Organic, gluten free, and other “way better” snacks made their mark at the 2015 Fancy Food Show in San Francisco this week. I wasn’t there but I’ve attended before. These shows are a glutton’s paradise, and challenge everyone else to walk out feeling good. The stakes have changed, and an LA Times piece reports that offerings this year emphasized “guilt free snacking”.
Food manufacturers and new-to-the-food-scene entrepreneurs offer a dizzying array of foods vying for a coveted space on your supermarket shelves. These “better for you” snacks mix in kale, coconut and spouted grains. They include fewer ingredients and herald any number of trendy health claims, but I’m not so sure about guilt free snacking.
MORE CALORIES, LESS NUTRIENTS
Snacking often replaces sit-down kind of eating, with snacking historically linked with increased caloric intake and decreased nutrient intake. A 2012 USDA survey focused on snacking habits of more than 5,000 adults aged 20 years and older, revealing that “about one-third of all daily calories come from “empty calories,” (ie: snack foods made from solid fats and added sugars which provide little nutritional value).”
Maybe all these “way better” items will change the nutritional landscape of eating between meals, but I’m not sure a better snack translates to eating better. Potential benefits hinge on the big picture: what else and how much you consume.
Ideally snacking is tied to hunger. A snack provides an opportunity to meet your energy needs when you get hungry between meals, but too often hunger has nothing to do with snacking. We live in an indulgent environment with snacks used to reward, seduce, self soothe, and bribe.
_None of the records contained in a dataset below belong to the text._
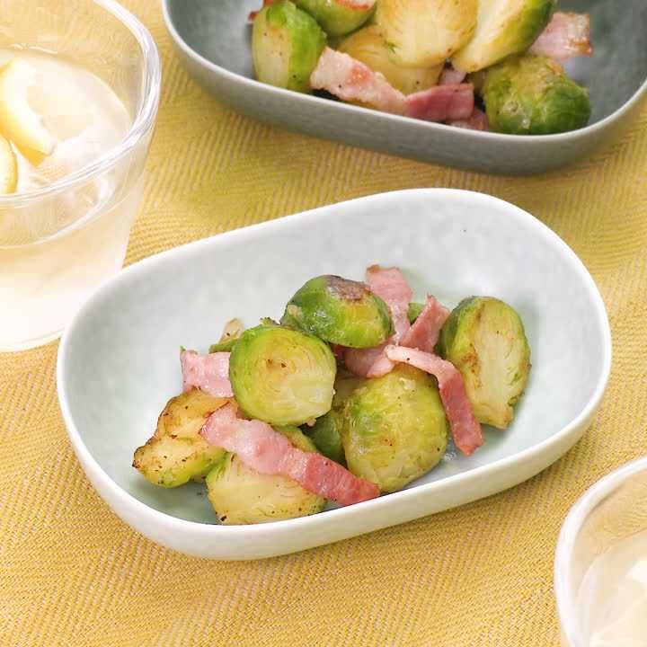 ささっと簡単! 芽キャベツとベーコンのガーリック炒め。
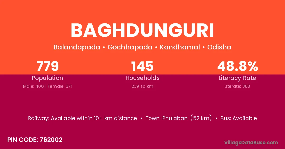 Phulabani (52 km) is the nearest town to Baghdunguri village for major economic activities and is located approximately 52 km away.
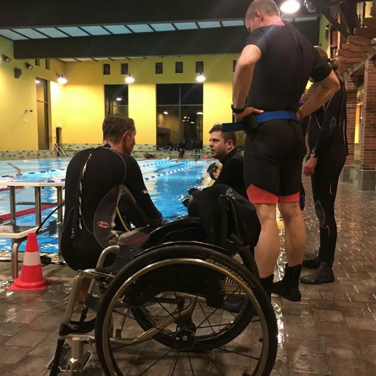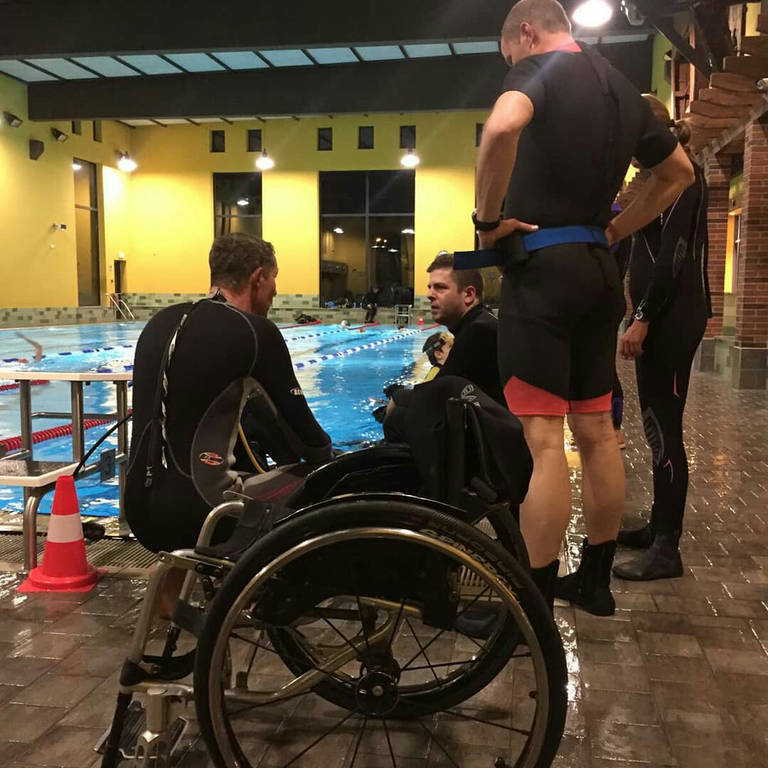 In der Praxis wurde uns dann beigebracht, wie man einen Rollstuhlfaher ins Wasser bringt, ohne den Taucher zu verletzen. Auch wie man einen behinderten Menschen die Ausrüstung anlegt und ihm die eventuelle Angst nehmen kann. Verletzungen sind bei Behinderten extrem gefährlich. Zum einen heilen diese sehr schlecht und können auch schwerwiegende Folgen nach sich ziehen. Im Wasser wurden uns dann verschiedene Tauchtechniken gezeigt. Wie man zum Beispiel nur mit den Armen und speziellen Handschuhen taucht. Sehr anstrengend übrigens. Aber auch wie man auf dem Rücken schwimmend, jemanden unter Wasser das tauchen lehrt. Wirklich nicht leicht aber nach ein wenig Übung hat es sogar Spaß gemacht. Auch diverse Ausstiegsmöglichkeiten wurden gezeigt.

We eat snacks because they’re offered, they’re free, or we want something to do. People often say, “I need a little something” often without determining exactly what they need.
BREAKING THE CODE FOR “NEEDING SOMETHING”
So is it hunger or something else? The body cues us to act when we feel uncomfortable, but too often a cue can be misinterpreted. Check in to find out what your body is asking for the next time you sense that you “need something”. Here are a few ideas to consider:
- Are you truly hungry? A few bites of food should trigger a sense of relief. If there is no sense of “enough”, there are a few other concerns to check out
- Do you eat enough protein at your meals? Greek yogurt and a few slices of almonds may not be enough. Most clients feel a greater sense of satisfaction all day long when meals provide 20-30 grams of protein (about 3-4 ounces of animal protein)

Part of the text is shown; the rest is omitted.